The "Yes" Robot
- kirstenhelgeson
- Aug 31, 2021
- 3 min read
I'm a people person. According to the Myers-Briggs Type Indicator, I'm an ENFP (extroverted, intuitive, feeling, perceiving). My top three strengths are connectedness, strategy and ideation. Corporate America loves personality tests and skills assessments, so after 12 years in corporate, I know myself. Or, at least I think I do.
I'm like a sponge, soaking in all kinds of information from the people, experiences and tools around me. I empathically pull all this in, and like a super-human computer, process it into meaningful ideas, strategies and ways to connect. This helps me solve complex problems and figure out how to bring people along on that journey. I've honed this skillset for years now, and think I'm pretty good at it. I'm a fixer. A campaigner.

But there's a dark side. All this empathic sponginess can easily turn me into a people pleaser. I spent years trying to do everything I could to make everyone happy, sacrificing myself along the way. My family, my friends, my bosses, my colleagues, my romantic partners and even random strangers: IF EVERYONE ELSE WAS HAPPY, SO WAS I.
All that people pleasing bought me a one-way ticket to emotional burn out.
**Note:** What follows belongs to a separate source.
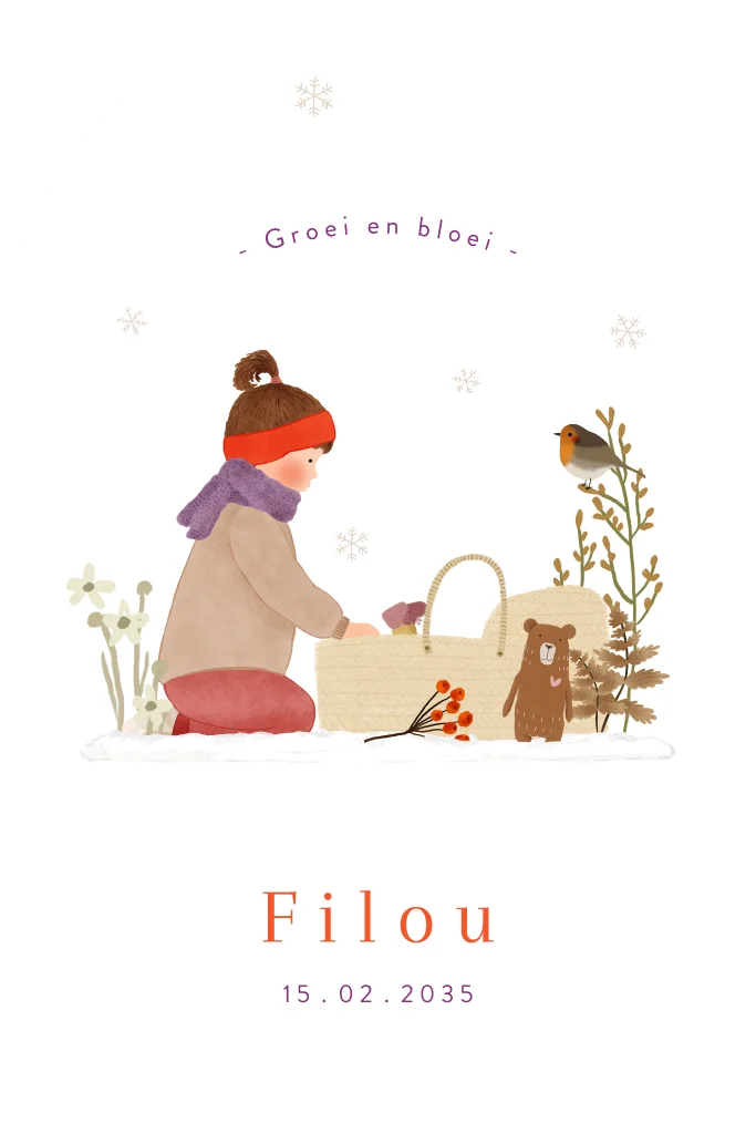 Is er een tweede kindje op komst en ben je op zoek naar een uniek en winters geboortekaartje? Dan is dit stanskaartje met een lief klein meisje in een reiswiegje, een grote zus, sneeuw een knuffelbeer en winterse bloemen echt iets voor jou!
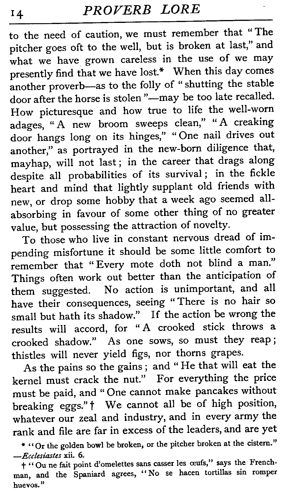 When a continuous use of any advantage blinds us [14]to the need of caution, we must remember that "The pitcher goes oft to the well, but is broken at last," and what we have grown careless in the use of we may presently find that we have lost.[14:A] When this day comes another proverb—as to the folly of "shutting the stable door after the horse is stolen"—may be too late recalled. How picturesque and how true to life the well-worn adages, "A new broom sweeps clean," "A creaking door hangs long on its hinges," "One nail drives out another," as portrayed in the new-born diligence that, mayhap, will not last; in the career that drags along despite all probabilities of its survival; in the fickle heart and mind that lightly supplant old friends with new, or drop some hobby that a week ago seemed all-absorbing in favour of some other thing of no greater value, but possessing the attraction of novelty.

Like a candle lit on both ends, or fireworks on July 4th - I burned hot and fast. I found myself virtually passing out on the weekends, needing enormous amounts of sleep. I'd stare blankly at the TV for hours. Like a flickering light bulb, I was shutting down. And I realized that for all my efforts to make other people happy (burning myself out in the process), they honestly didn't seem much better off.
CUE THE EXISTENTIAL CRISIS.
I spent so much time doing anything to make other people happy that I lost track of myself. So I had to take a big step back and think. How did I get here? Well, that's a complicated answer. As girls, we're told to sit down, be quiet and smile. Reminded that our worth is directly tied to our ability to take care of other people. And that if we don't do that, then something is wrong with us. Combining all that social coding with my ENFP ways was like pouring vinegar into baking soda. Fun for science fairs. Not for your life.

The truth is that people pleasing isn't a sustainable life practice. It doesn't help yourself or anyone else around you. It strips you of free will, drains you of your self confidence and turns you into a "yes" robot.
I WAS A "YES" ROBOT.
I had to re-learn how to set healthy boundaries. I had to tell all that social coding to go to hell, while rebuilding my definition of personal value. I had to learn to say "no" and actually mean it. That gave me the freedom to say "yes" to things that really mattered. To use my ENFP ways to their highest potential, to move the needle on the stuff I really cared about.
My "yes" robot still lives within me - I can feel her, way back there covered in dust. I'm not sure if I'll ever be fully rid of her, and I'm ok with that. After all, she's a reminder of who I can become if I lose sight of what is most important to me. So I send her love and gratitude, because I know that's what she would do for me.